● **Activity**: Unless a line falls after the one with "9000 | 10000 |", retype it exactly from the records below; leave out all pictures.

● **Given records**:
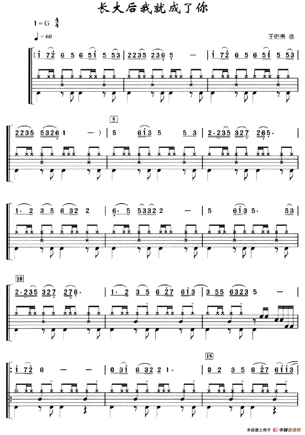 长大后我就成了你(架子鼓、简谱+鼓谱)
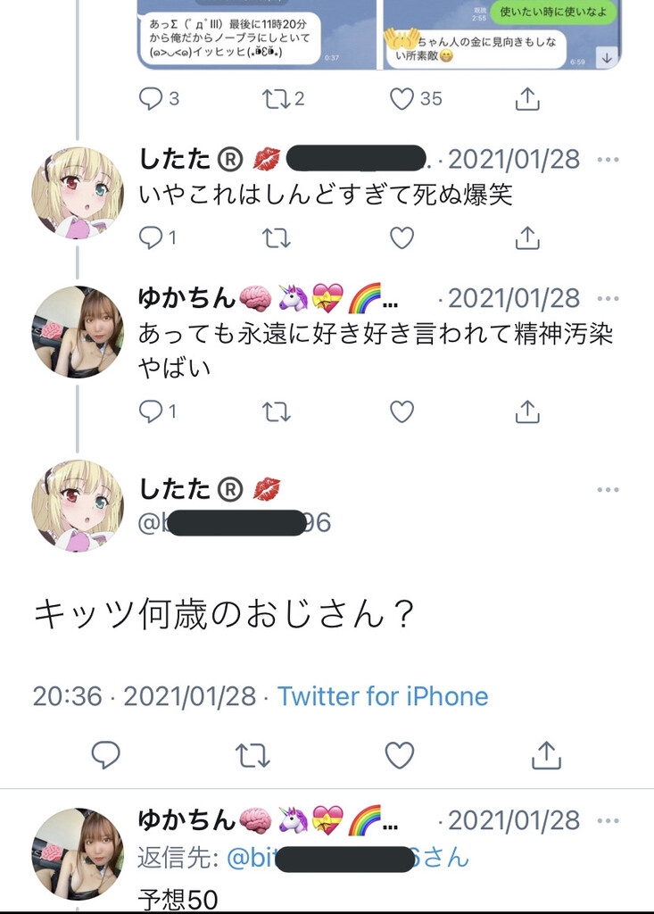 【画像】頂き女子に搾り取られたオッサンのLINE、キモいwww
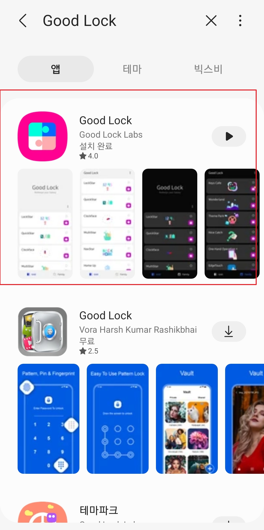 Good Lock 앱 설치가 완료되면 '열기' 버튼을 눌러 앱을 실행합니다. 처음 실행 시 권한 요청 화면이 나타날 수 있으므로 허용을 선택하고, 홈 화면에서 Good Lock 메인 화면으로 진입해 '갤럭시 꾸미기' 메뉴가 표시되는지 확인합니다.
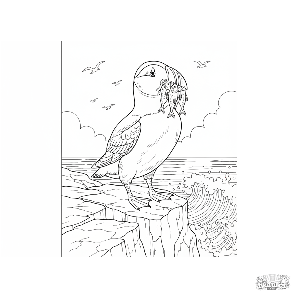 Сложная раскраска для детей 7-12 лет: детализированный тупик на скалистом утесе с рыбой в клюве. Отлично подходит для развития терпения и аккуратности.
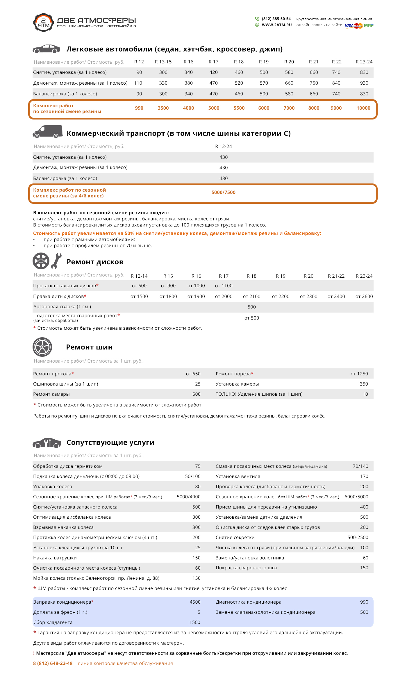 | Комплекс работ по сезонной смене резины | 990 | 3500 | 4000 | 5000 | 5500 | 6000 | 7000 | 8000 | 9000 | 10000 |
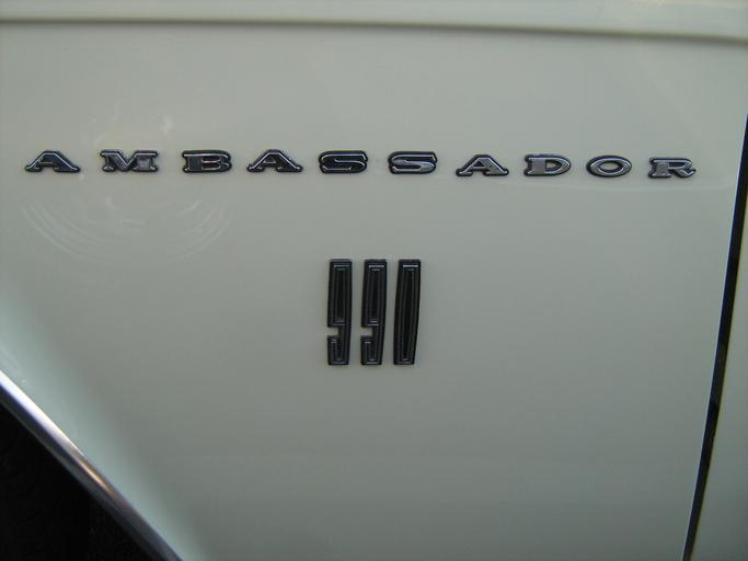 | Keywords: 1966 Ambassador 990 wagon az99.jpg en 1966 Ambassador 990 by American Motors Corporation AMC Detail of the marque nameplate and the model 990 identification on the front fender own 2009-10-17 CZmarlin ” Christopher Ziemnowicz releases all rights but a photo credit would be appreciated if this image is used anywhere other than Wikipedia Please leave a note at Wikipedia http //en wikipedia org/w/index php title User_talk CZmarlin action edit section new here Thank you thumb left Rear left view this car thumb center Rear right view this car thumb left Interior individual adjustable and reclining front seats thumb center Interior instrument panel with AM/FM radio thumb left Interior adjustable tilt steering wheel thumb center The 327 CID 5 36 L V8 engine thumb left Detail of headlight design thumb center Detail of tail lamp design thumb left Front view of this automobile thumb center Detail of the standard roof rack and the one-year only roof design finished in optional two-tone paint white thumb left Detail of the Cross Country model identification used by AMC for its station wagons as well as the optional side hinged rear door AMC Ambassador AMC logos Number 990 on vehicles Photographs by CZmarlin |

● **Result of this exercise**:
 长大后我就成了你(架子鼓、简谱+鼓谱)
 【画像】頂き女子に搾り取られたオッサンのLINE、キモいwww
 Good Lock 앱 설치가 완료되면 '열기' 버튼을 눌러 앱을 실행합니다. 처음 실행 시 권한 요청 화면이 나타날 수 있으므로 허용을 선택하고, 홈 화면에서 Good Lock 메인 화면으로 진입해 '갤럭시 꾸미기' 메뉴가 표시되는지 확인합니다.
 Сложная раскраска для детей 7-12 лет: детализированный тупик на скалистом утесе с рыбой в клюве. Отлично подходит для развития терпения и аккуратности.
 | Комплекс работ по сезонной смене резины | 990 | 3500 | 4000 | 5000 | 5500 | 6000 | 7000 | 8000 | 9000 | 10000 |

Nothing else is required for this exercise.